ABOUT THIS EXERCISE:
The output must match the lines from the first line of the listing below through the line holding "Pilgrim’s Iron Gate" exactly and must contain no pictures.

COLLECTED DATA:
────────────────────
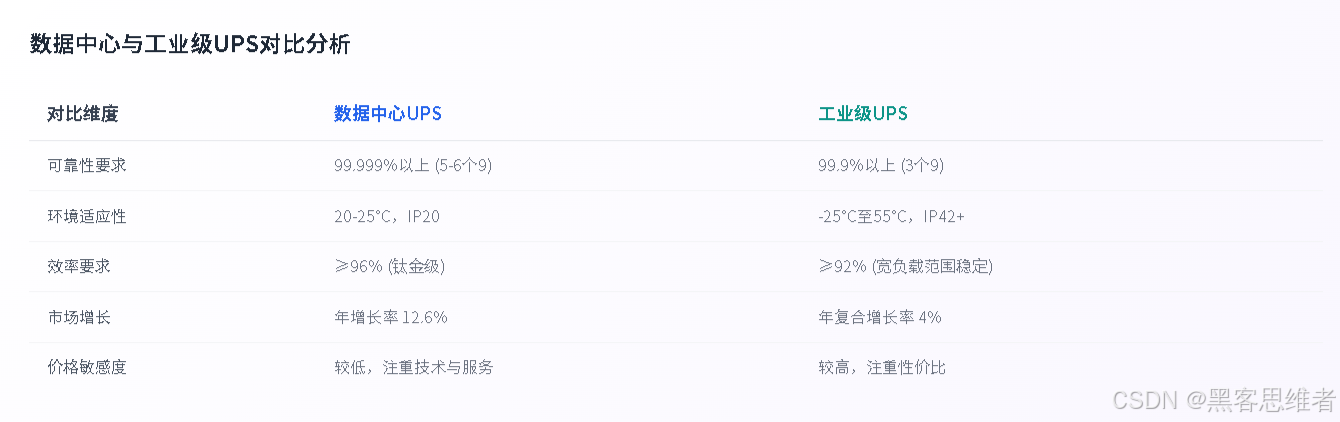相比之下,工业级 UPS 的可靠性要求虽然也很高,但更注重在恶劣环境下的持续运行能力。工业 UPS 通常采用 N+1 冗余配置,关键部件如功率模块、控制模块等采用冗余设计,但整体冗余度低于数据中心 UPS。工业应用更关注 UPS 在高温、高湿、粉尘、振动等恶劣环境下的稳定性和适应性。
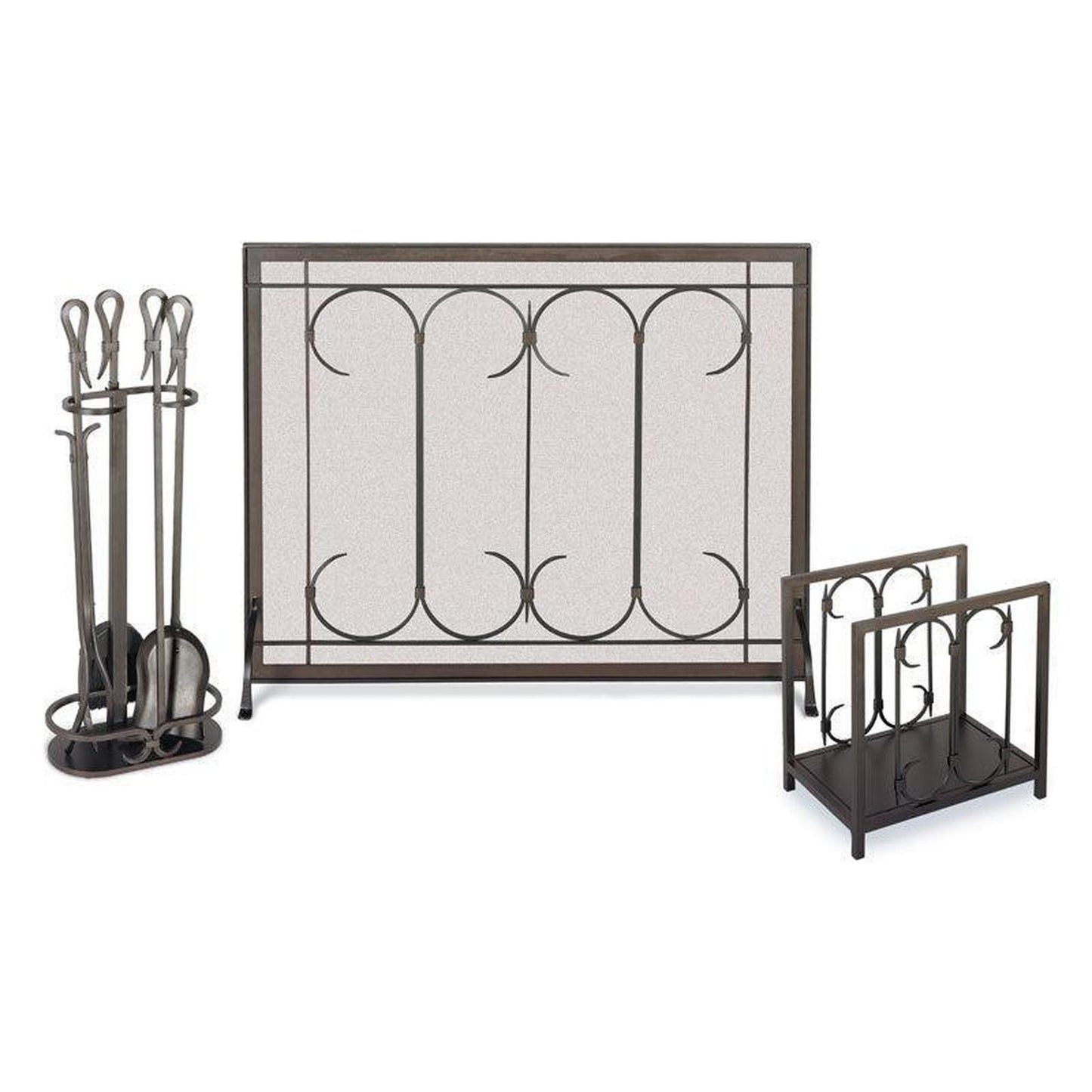 Pilgrim’s Iron Gate Tool Set: The robust appeal of these hand-forged iron designs will be appreciated by those who yearn for the old-style virtues of quality craftsmanship and lasting materials. This beautiful four-piece tool set includes a poker, shovel, tongs, and natural fiber brush nestled in the forged gallery rail base.
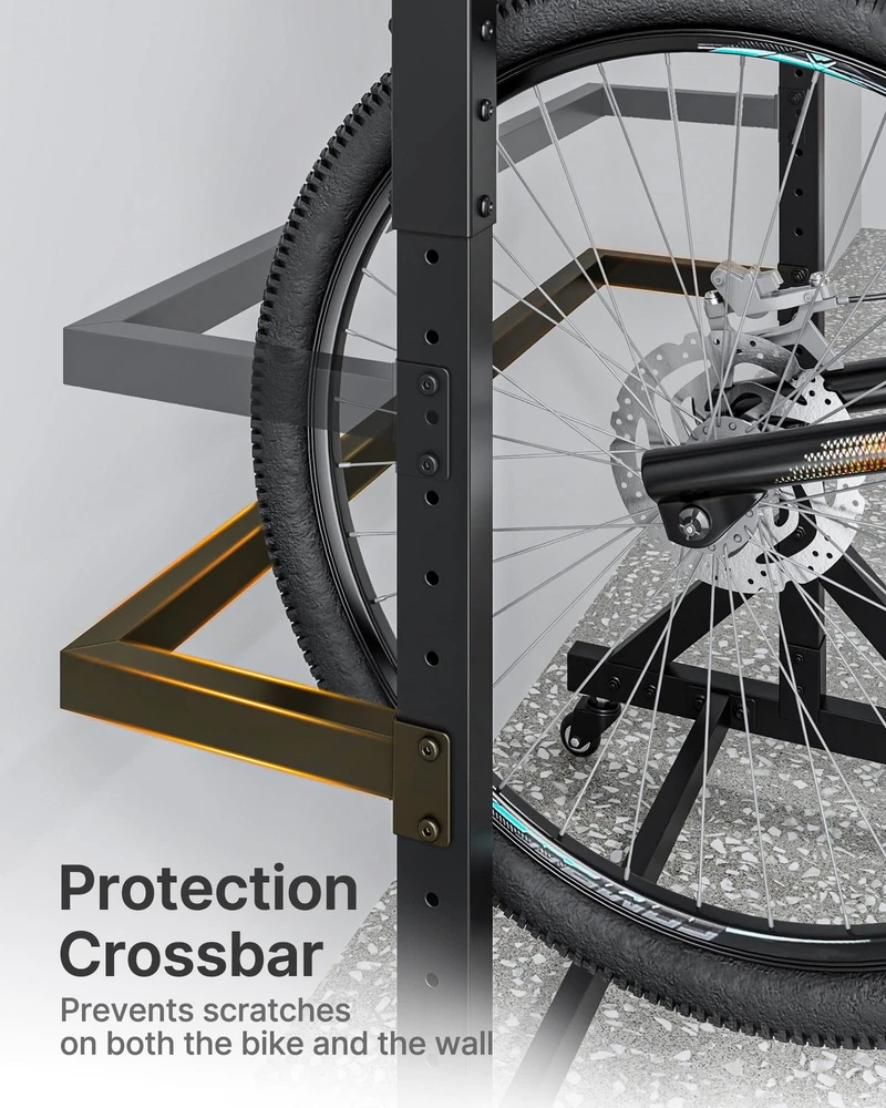 INDUSTRY LEADING HOOK ECOSYSTEM: Revolutionize your bike storage rack system! 5 sliding PVC-coated hooks (55lbs each) + 6 height-adjustable accessory hooks (2 helmet + 4 utility). Securely organize bikes, helmets, and gear in one vertical bike stand station. LOCKING CASTERS & FLOOR STAND DESIGN: Effortlessly relocate 5 bikes! Our freestanding bike stand features 4 large-scale, locking casters with full 360° swivel and ultra-quiet rolling. Glide smoothly over any surface, then brake instantly to stabilize this vertical bike stand on uneven floors. PRECISION FIT FOR PREMIUM BIKES: Our bike storage rack height adjusts (49"-78.5") & bike hooks slide laterally to fit e-bikes/road bikes/kids' bikes (tires ≤ 3.5"W x 3.1"H). The height-adjustable protection crossbar safeguards both bike and wall from scratches. COMMERCIAL-GRADE CONSTRUCTION: This freestanding bike stand features a reinforced triangular base for maximum stability and holds 350lbs total capacity, exceeding ASTM safety standards. Premium matte-black powder-coated steel resists scratches/rust. EASY INSTALLATION: There are all necessary accessories and dtailed installation instruction in our package, the vertical bike stand has a simple structure and is equipped with pre-drilled holes. You can quickly install the entire bike rack. Before hanging the bike, please check if all the screws are installed firmly. ELEGANT GARAGE INTEGRATION: Vertical bike stand frees 80% floor space. Tool-free hook slides and luxury finish integrate seamlessly with modern bike storage rack systems.
────────────────────
SOLVED EXERCISE:
相比之下,工业级 UPS 的可靠性要求虽然也很高,但更注重在恶劣环境下的持续运行能力。工业 UPS 通常采用 N+1 冗余配置,关键部件如功率模块、控制模块等采用冗余设计,但整体冗余度低于数据中心 UPS。工业应用更关注 UPS 在高温、高湿、粉尘、振动等恶劣环境下的稳定性和适应性。
 Pilgrim’s Iron Gate Tool Set: The robust appeal of these hand-forged iron designs will be appreciated by those who yearn for the old-style virtues of quality craftsmanship and lasting materials. This beautiful four-piece tool set includes a poker, shovel, tongs, and natural fiber brush nestled in the forged gallery rail base.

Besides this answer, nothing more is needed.